Nació en 1894 en Zdunska Wola, en Polonia central. Morirá en Auschwitz, el campo de concentración nazi. Fue el preso número 16.670, canjeado por el preso número 5.659. Le inyectaron una dosis letal —dicen que de ácido muriático— el 14 de agosto de 1941.
Es una de las incontables víctimas de la crueldad del siglo XX; ese siglo en el que ha imperado en tantas y tan lastimosas ocasiones la «cultura de la muerte» a pesar de estar tan prendado de sí mismo.
No es oro todo lo que reluce en la centuria que pone final al segundo milenio, no. Posiblemente los que hemos tenido la suerte de nacer y vivir en ella tan ufanos, tan engreídos con los avances que aportan las comunicaciones y la ciencia, embelesados con el comienzo de la conquista del espacio y con la medicina que pone remiendos para retrasar lo inevitable con los trasplantes de órganos… pienso yo que nosotros, los que cada día despertamos con el anuncio de una nueva tecnología punta que va a hacer más agradable la vida, a lo mejor tengamos motivos de vergüenza y de horror al recordar las terribles plagas de genocidios —tan grandes como no conoció otros la historia— de los que hemos sido testigos y, algunos, más que espectadores, culpables. Porque, se me ocurre pensar, no solo es intolerable violencia contra la humanidad lo ocurrido en los campos de concentración de aquellos nazis, también lo son los exterminios en la región de los Grandes Lagos africanos, las limpiezas étnicas de Kosovo y los casi infinitos abortos de las asépticas clínicas de los países ricos. Y la lista de casos se haría interminable…
Maximiliano María Kolbe, como buen polaco, recorre el camino a Czestochowa cada año, en peregrinación costosa y emotiva, para rezar a la virgen negra de Jasna Gora, Patrona de Polonia. Ese amor a la Virgen fue madurando de modo armónico con su crecimiento. Ingresó en los franciscanos en Lwow. Fue estudiante en Cracovia y luego en Roma; también allí se ordenó de sacerdote en 1918. Vuelto a Polonia, funda la Milicia de la Inmaculada, que tiene como instrumento difusor el periódico El Caballero de la Inmaculada, y llega a construir el complejo apostólico de Niepokalanow, cercano a Varsovia. Es, por años, misionero en Japón.
La Gestapo lo detiene en 1939 por ser molesta su actividad a los ocupantes alemanes, pero no es esta la detención definitiva. Pasarán dos años antes de ser deportado definitivamente al Campo de la Muerte o, como lo ha llamado el papa Juan Pablo II, «el gran Gólgota del mundo contemporáneo», a unos sesenta kilómetros de Cracovia.
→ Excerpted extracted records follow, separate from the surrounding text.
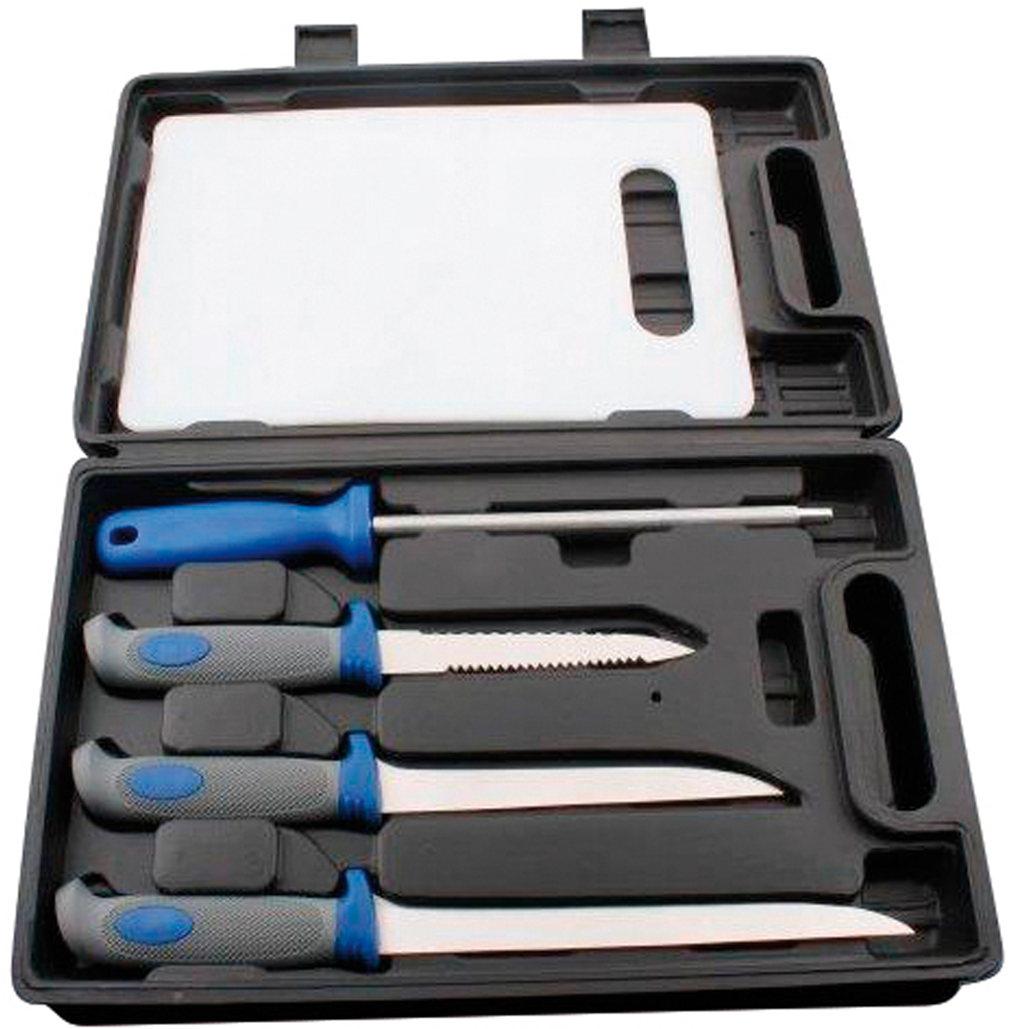 Knivsett for fiskere! Denne grove plastboksen har tre forskjellige kniver og en knivsliper vedlagt i esken.
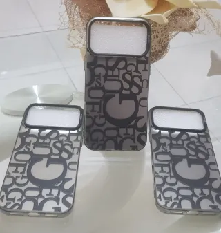 Tre Cover Guess per iPhone 17 Pro Max con un design unico. - Fantasia con lettere G e logo Guess. - Materiale resistente.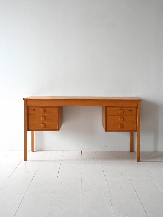 Essential and functional design for this 1960s Danish desk in light teak. The two floating drawer units feature six drawers with distinctive sculpted handles in a geometric shape. The clean silhouette and airy proportions reflect the Nordic modernist aesthetic.
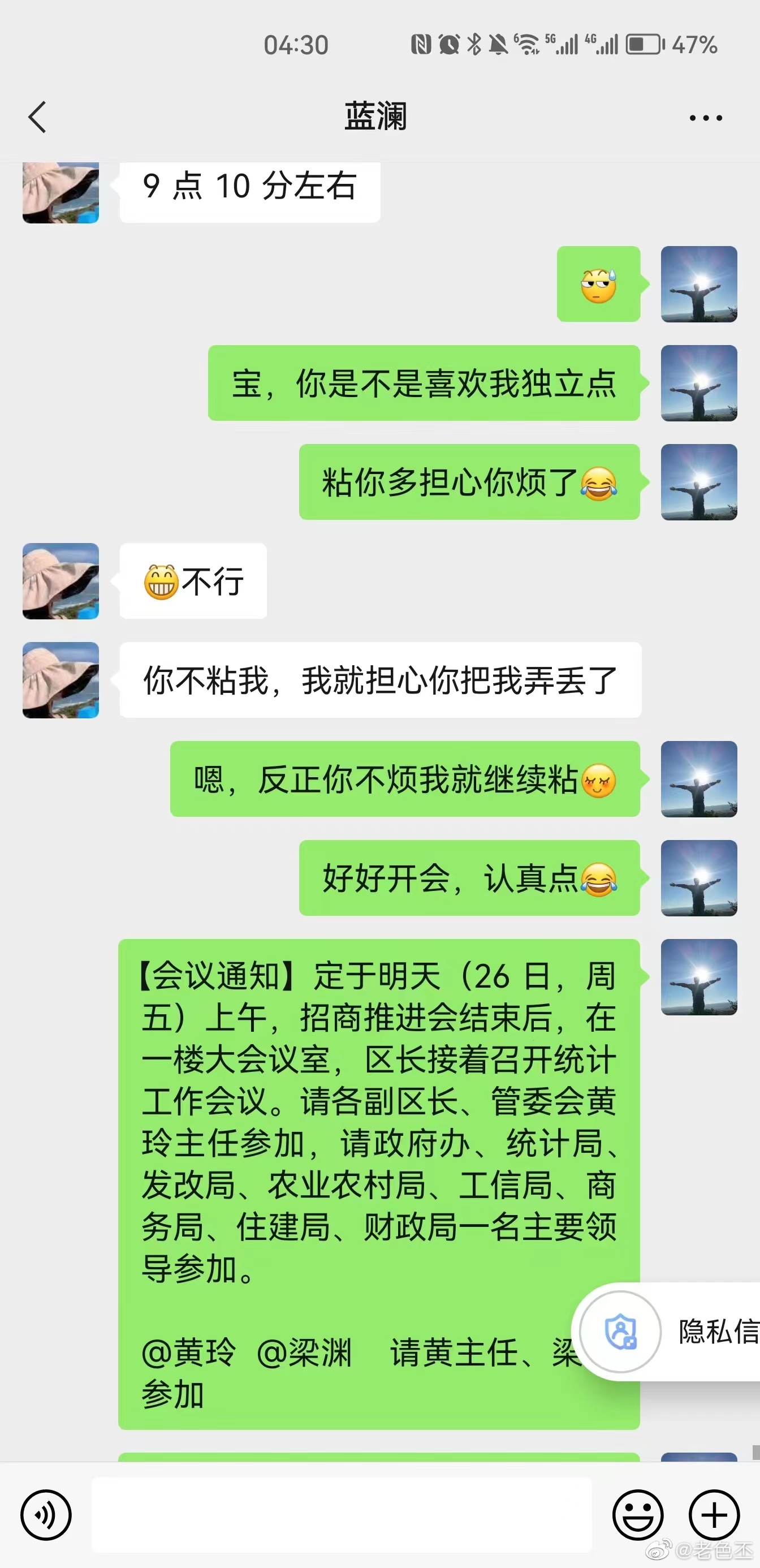 这聊天确实很露骨啊,这要是在现场还不更激烈!这些老干部确实很敬业啊,像我们底层人哪有精力时间搞这个呢……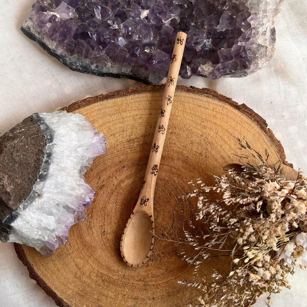 Colher de Pau com desenhos em pirografia feito artesanalmente por Atelie Sol Y Luna.Comprimento: 16,5cm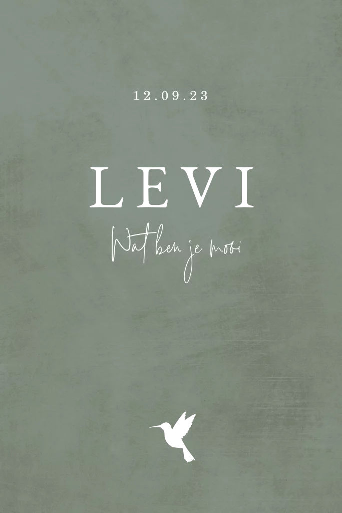 Stoer maar exclusief geboortekaartje voor een jongen. De gouden elementen, waaronder de babynaam Levi, worden gedrukt met echt goudfolie. Dat geeft de kaart een luxe uitstraling. De ruwe achtergrond in de kleur legergroen maakt dit kaartje stoer. Ook mogelijk met koperfolie, zilverfolie of roséfolie. Dit is aan te passen in de editor.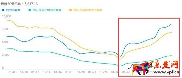 都是在我們運營做完優化后,上漲后有一定的回落,這個也正常,但是回落數據也比上升之前是要高的,春節后,我的訪客就持續高于我同層優秀了。目前這個店鋪的搜索訪客數據就是:上升-回落一點-穩定-再上升-再穩定。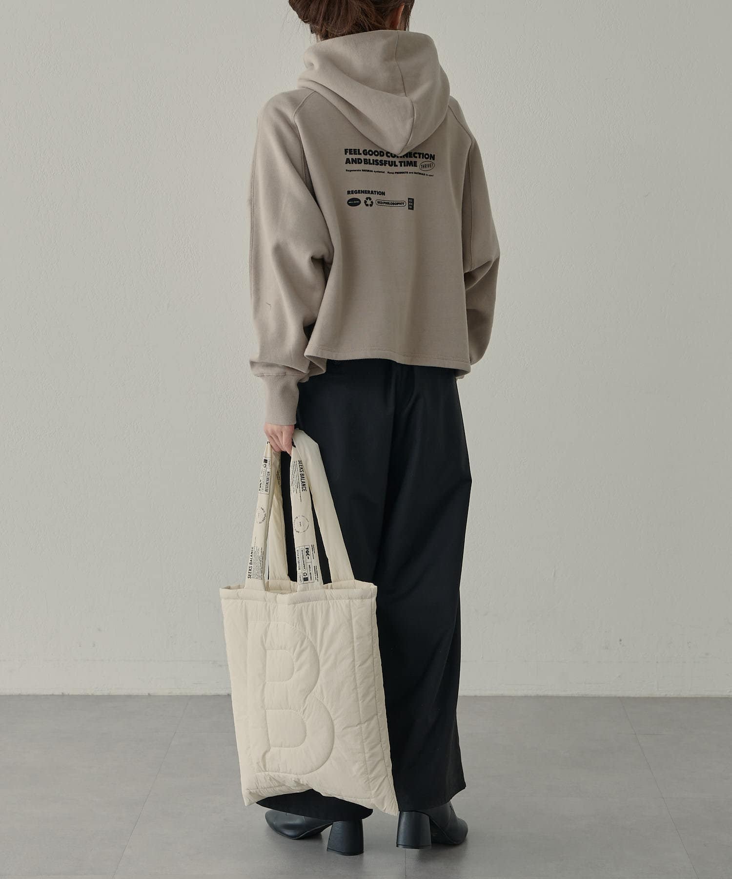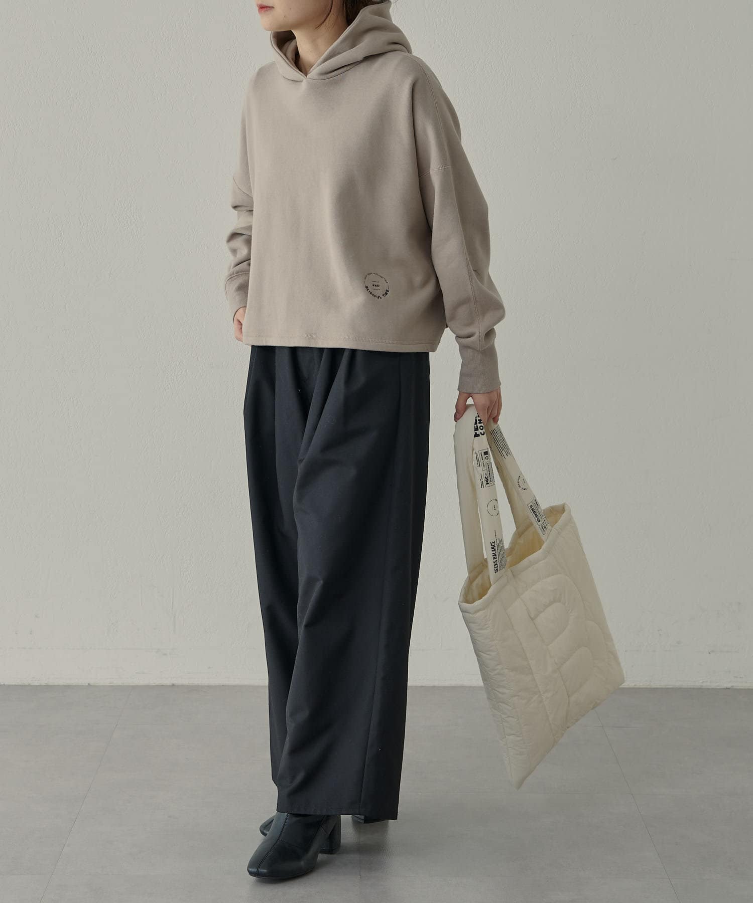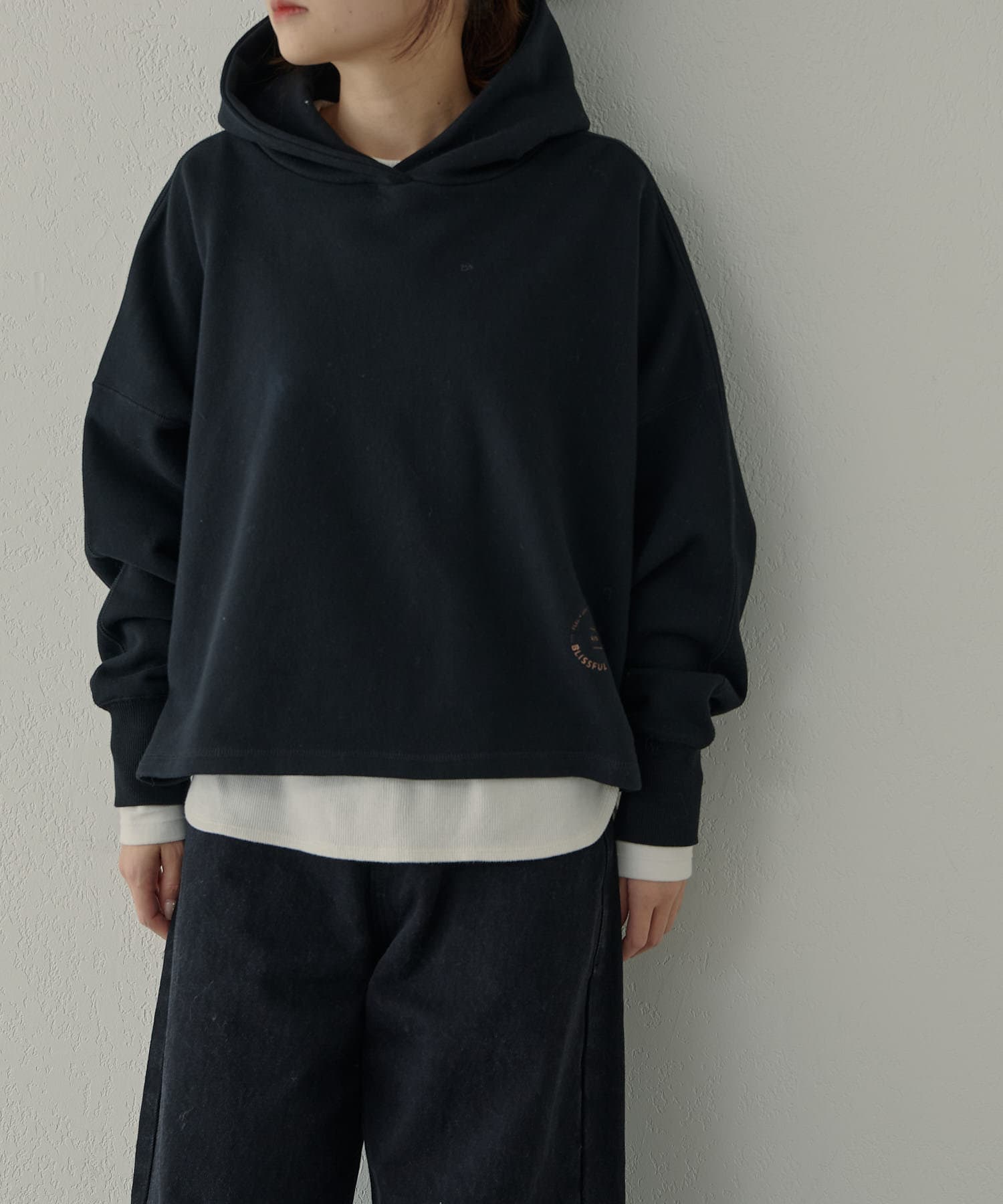 カジュアルな印象の強いパーカーですが、肩位置を落としたドロップショルダーが丸みのある女性らしいシルエットを演出してくれます。

Hubo allí una fuga en los días últimos de junio del 1941 y las autoridades del campo decidieron una represalia. Eligen a unos cuantos para que mueran de hambre. Uno de los designados al azar por Fritsch, el jefe de campo, para morir en el «bunker del hambre» es el sargento polaco Fransciszek Gajowniczel, pero el nombre era lo de menos, solo era el preso número 5.659; en realidad, era padre de familia que dejaba mujer e hijos. «Me ofrezco para morir a cambio de ese padre de familia. Soy sacerdote católico». Había llegado para el P. Kolbe el momento de pasar de las palabras a las obras, dando la vida por el prójimo; para Fritsch era igual un número que otro.
Todos van muriendo por inanición. El consuelo y la ayuda espiritual a los moribundos fue llegando a través del padre franciscano. Tres semanas de hambre han sido suficientes. Como queda todavía medio vivo el padre Kolbe, apoyado en la pared y musitando oraciones, pero al molestar su presencia, el enfermero —o lo que fuera— le inyectó para acelerar la muerte. Era víspera de la Asunción.
Pablo VI beatificó a Kolbe en 1971, estando presente, como testigo de excepción, el sargento Franciszek Gajowniczel, y Juan Pablo II lo canonizó el 10 de octubre del año 1982.
El amor a la Inmaculada, eso que a tantos hoy les evoca recuerdos de algo trasnochado e inútil, eso que suena a tantos a música celestial, que es lo mismo que decir como consuelo anacrónico para pusilánimes, torpes e inadaptados a las exigencias de la vida contemporánea, ese amor a la Virgen, hizo posible que un franciscano, el Loco de la Inmaculada, diera su vida por entero en salvación de un hermano necesitado cuando la historia se convertía en calamidad, en desgracia.
El tono oscuro de los males del siglo que sugería al principio, se alumbra con los genios que de la misma humanidad han ido saliendo al arrullo y fuerza de la Gracia. ¿Por qué será que unos destripan la vida y otros la favorecen, apadrinándola hasta el fin? ¿Por qué?